Happy International Sir Francis Galton Day
By Steve Sailer
02/17/2013
To complement the growing annual celebration of International Darwin Day on Charles Darwin’s birthday of February 12, I’m introducing International Galton Day on Francis Galton’s birthday of February 16.
Galton was of course a Victorian polymath whose inventions include the silent dog whistle, the weather map you see on TV every evening, and the practical use of fingerprints in crime-fighting. (Others had the notion before Galton of using fingerprints in detection, but had been stymied by how to retrieve matching fingerprints from filing cases full of them.)
Galton was also a giant in the history of statistics. U. of Chicago professor Stephen M. Stigler published in 2010 in the Journal of the Royal Statistical Society
On September 10th, 1885, Francis Galton ushered in a new era of Statistical Enlightenment with an address to the British Association for the Advancement of Science in Aberdeen. In the process of solving a puzzle that had lain dormant in Darwin’s Origin of Species, Galton introduced multivariate analysis and paved the way towards modern Bayesian statistics. The background to this work is recounted, including the recognition of a failed attempt by Galton in 1877 as providing the first use of a rejection sampling algorithm for the simulation of a posterior distribution, and the first appearance of a proper Bayesian analysis for the normal distribution.
Stigler periodically gives a talk entitled “The Five Most Consequential Ideas in the History of Statistics.” From the Harvard Gazette:
On Monday (Sept. 29), [Stigler] stayed in town to address about 50 students and professors in a crowded third-floor classroom in the Science Center. Stigler’s talk, in professional terms, was inflammatory: “The Five Most Consequential Ideas in the History of Statistics.” …
The first idea was to combine observations in order to arrive at a simple mean. This “ species of averaging,” said Stigler, found expression in 1635, through the work of English curate and astronomer Henry Gellibrand.
… The “root-N rule” is the second consequential idea, said Stigler. That’s the notion, first articulated in 1730, that the accuracy of your conclusions increases relative to the rate you accumulate observations. Specifically, to double that accuracy, you have to increase the number of observations fourfold.
Third on the list is the idea of “the hypothesis test,” the statistical notion that mathematical tests can determine the probability of an outcome. This idea (though not the sophisticated math now associated with it) was in place by 1248, said Stigler, when the London Mint began periodically to test its product for composition and weight.
The fourth and fifth consequential ideas in statistics both had the same source, said Stigler — an 1869 book by Victorian polymath Francis Galton. “Hereditary Genius” was a mathematical examination of how talent is inheritable.
Galton discovered through a study of biographical compilations that a “level of eminence” within populations is steady over time and over various disciplines (law, medicine). Of the one in 4,000 people who made it into such a compilation, one-tenth had a close relative on the same list.
This led to what Stigler called the fourth consequential idea: the innovative notion that statistics can be evaluated in terms of internal measurements of variability — the percentiles of bell curves (in statistics terms, “normal distribution”) that in 1869 Galton started to employ as scales for talent.
The fifth idea was based upon an empirical finding. In a series of studies between 1869 and 1889, Galton was the first to observe the phenomenon of regression toward the mean.

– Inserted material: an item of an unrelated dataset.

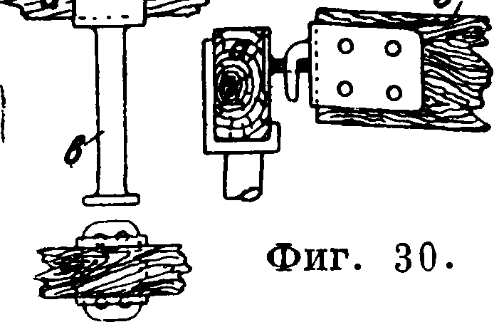 5) Судоподъемные винты. Способ С. винтами виден на фигуре 4. Две баржи (или понтона) ά связаны между собой в жесткую систему при помощи балок б; вращением гаек в поднимают Винты, соединенные с цепями, подведенными под судно. Вместо барж при небольшой глубине затонлейия м. б. забиты с обоих бортов судйа свай г, на которые и опирают балки б. После исчерпания всей длины нарезки винтов цепи подхватываются на стопоры, винты спускаются вниз и Скобы их захватываются за ближайшие
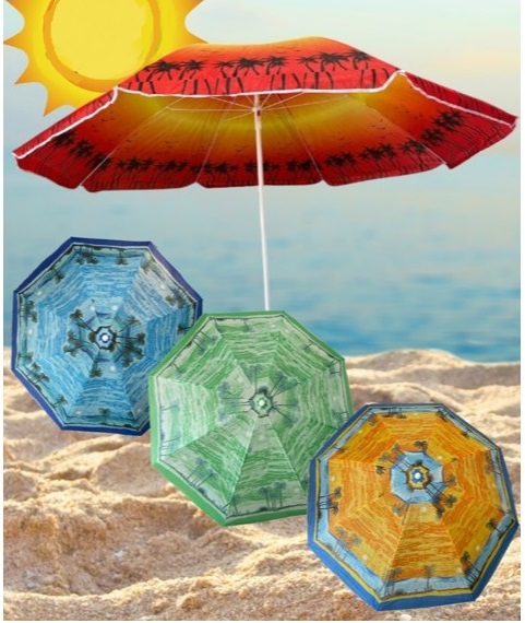 Ομπρέλα θαλάσσης με σχέδιο, ιδανική για την παραλία, το camping ή τον κήπο σας. Με πανί από 100% αδιάβροχο πολυεστερικό ύφασμα. Διαθέτει βάση 2 τμημάτων, δίσπαστη, αιχμηρό τελείωμα για εύκολη τοποθέτηση στην άμμο και ρυθμιζόμενο ύψος με σταθεροποιητή-κλιπ.

Essentially, the idea posits that in most realistic situations over time — Galton studied familial height variations, for example — the most extreme observed values tend to “regress” toward the center, or mean.
If he could extend his list of consequential ideas in statistics, Stigler said he would include random sampling, statistical design, the graphical display of data, chi-squared distribution, and modern computation and simulation.